From her tone he might have imagined she was requiring him to parrot the comment about her business. "I wondered if you'd found out about Mr Dent," David said.

"He's still in hospital."

"Did you happen to hear where? You said you'd let me know."

"I was waiting for you to come over, Mr Botham. That's what neighbours do occasionally, you might know. I assumed you'd lost interest."

He mustn't waste time arguing. "So where is he?"

"You'll be paying him a visit, will you?" She waited for confirmation before she said "He's at Arrowe Park."

"I'll go right now," David said and then thought to ask "Do we know his first name?"

"I've no idea what you know, Mr Botham. I think you might if you're so concerned about him."

"I don't know who else I could ask."

"Then you should make yourself more of a member of the community. Nobody knows much about you at all."

"That's because there isn't much to know." As he wished there were less David said "So you'll know his name."

"As a matter of fact we aren't on those terms, Mr Botham. There's a sight too much familiarity these days."

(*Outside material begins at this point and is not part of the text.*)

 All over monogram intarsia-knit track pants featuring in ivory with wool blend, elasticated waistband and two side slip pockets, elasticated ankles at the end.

David felt as if she was determined to portray someone she hadn't been just a few moments ago—as if the personalities hadn't even been introduced to each other. "Do you know if he has many visitors?" he said.

"I'm sure you'll be allowed if you say you're a friend." Before David could determine how scornful this was meant to be—surely she had no reason to suspect he was the opposite, or why he needed to be alone with Dent—Mrs Robbins said "Please wish him a speedy recovery."

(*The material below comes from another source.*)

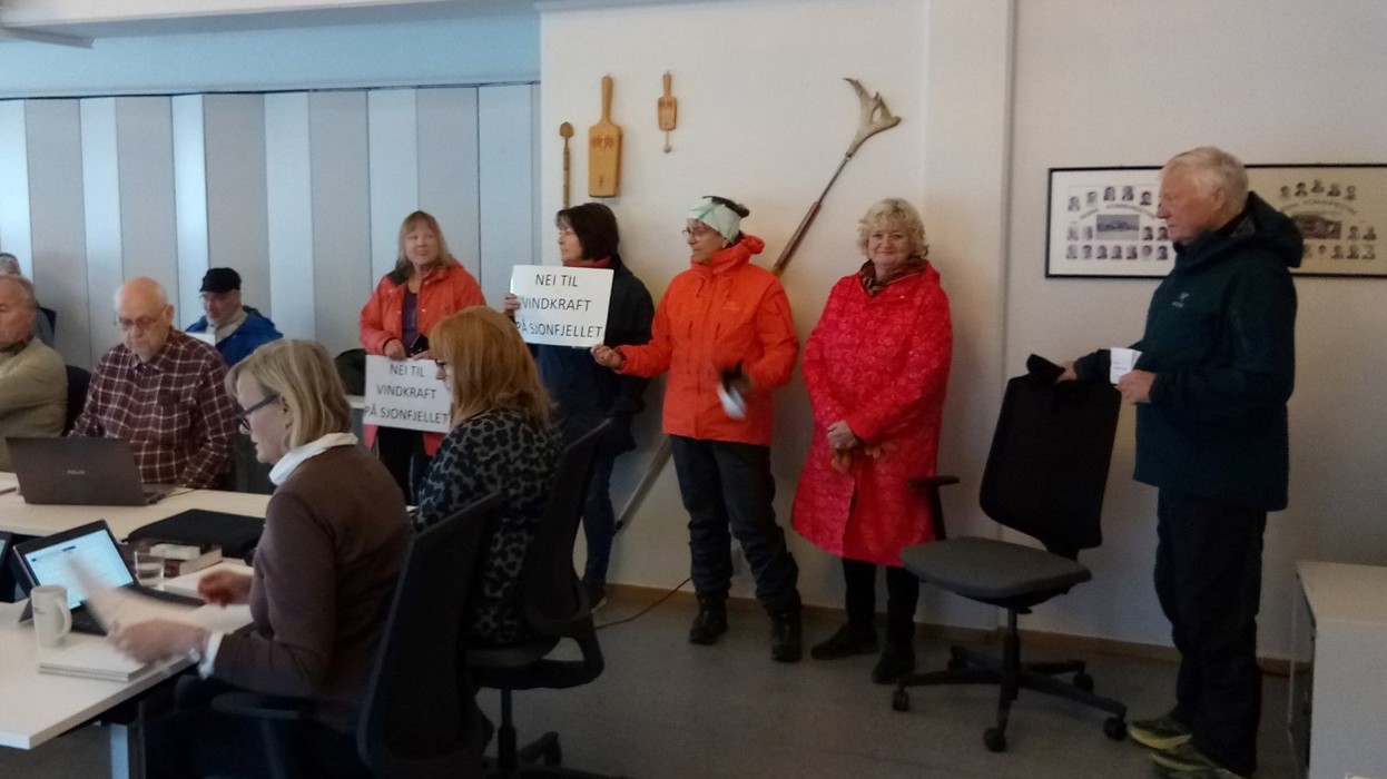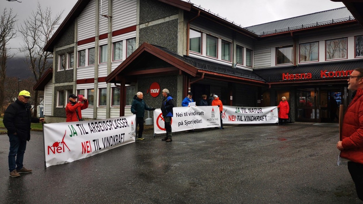 Nasjonal markering mot vindkraft utenfor Nesna Kommunehus, i forkant av formannsskapsmøte.

As David returned to his house he heard a series of dull thuds at his back—the fall of books onto bags of garbage—and the slam of the plastic lid, "Living up to your name again," he muttered and had to remind himself that she wasn't doing so at all.

His mobile showed him that the intensive care unit at the hospital was open for visitors in half an hour. Mrs Robbins watched him from her window as he swung the car onto the road. How guilty should he feel? At least Stephanie seemed to have recovered from the shock of finding Mick, and now she was at the restaurant with Mick's widow. He hoped the day would resolve that situation and his own as well.

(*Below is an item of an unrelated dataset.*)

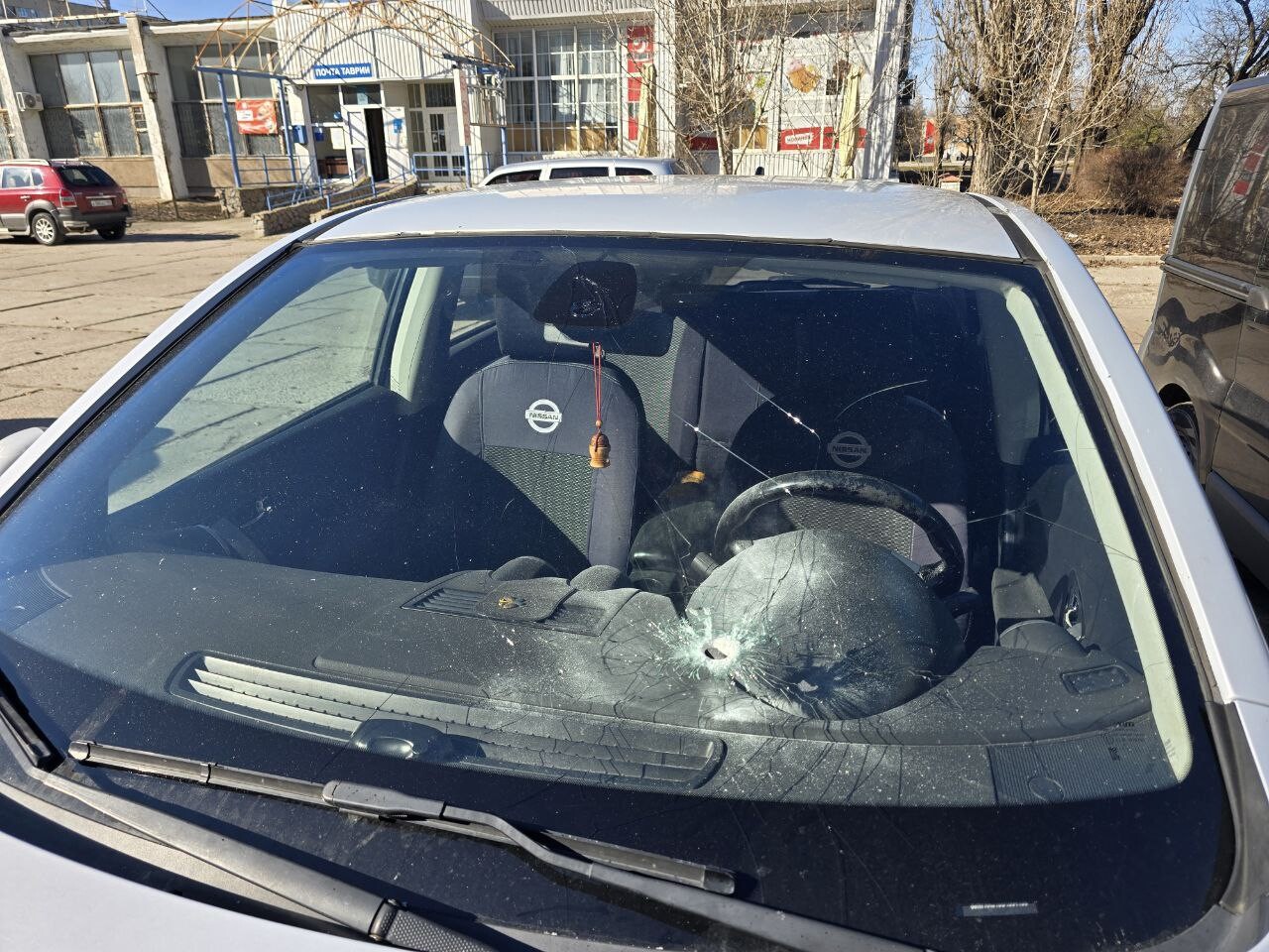 В результате детонации повреждено остекление здания, фасад и припаркованные рядом автомобили, никто не пострадал.

In five minutes he was on the motorway. He'd scarcely joined it when he was brought almost to a halt by a lumbering mass of traffic. The matrix signs were warning of a queue ahead and set to thirty miles an hour. When at last he rounded a long curve and saw the way ahead, there seemed to be no reason for the queue except for the signs themselves. As he regained speed he encountered a car still crawling along the middle lane, however many drivers urged its venerable occupant to move over. David pulled out to overtake, only to find a Jaguar racing up behind him at not much if any less than a hundred miles an hour. He had to swerve in front of the elderly hindrance, who rewarded him with a blinding glare of headlights and a prolonged squawk of the horn. As he returned to the inner lane he saw a car swell up in the mirror, overtaking on the inside and treating him to another dazzle of lights and a blare of the horn. "Idiot. Idiot. Idiot," he heard himself repeating like some kind of charm well after he'd left the motorway for the road to the hospital.

The post at the entrance to the car park teased him with a glimpse of a paper tongue before putting out the ticket once again for him to snatch. Seconds later the post raised its grudging metal arm to let him through. At least half a dozen cars were cruising between the ranks of vehicles in search of a space. More than ten minutes later David saw a car emerging from a space behind him. He was indicating to reverse into it when a battered Datsun veered in. "That's the way to do it, son," he heard the driver declare.

David thought he was being mocked until the man let out his son, a small but equally thickset boy aiming to match his father's baldness. The driver stalked over to David, jerking his head up and twitching his eyes narrow. "What you waiting for? Got a problem?"

"None you'd want to know about," David couldn't resist saying. "You're quite a role model."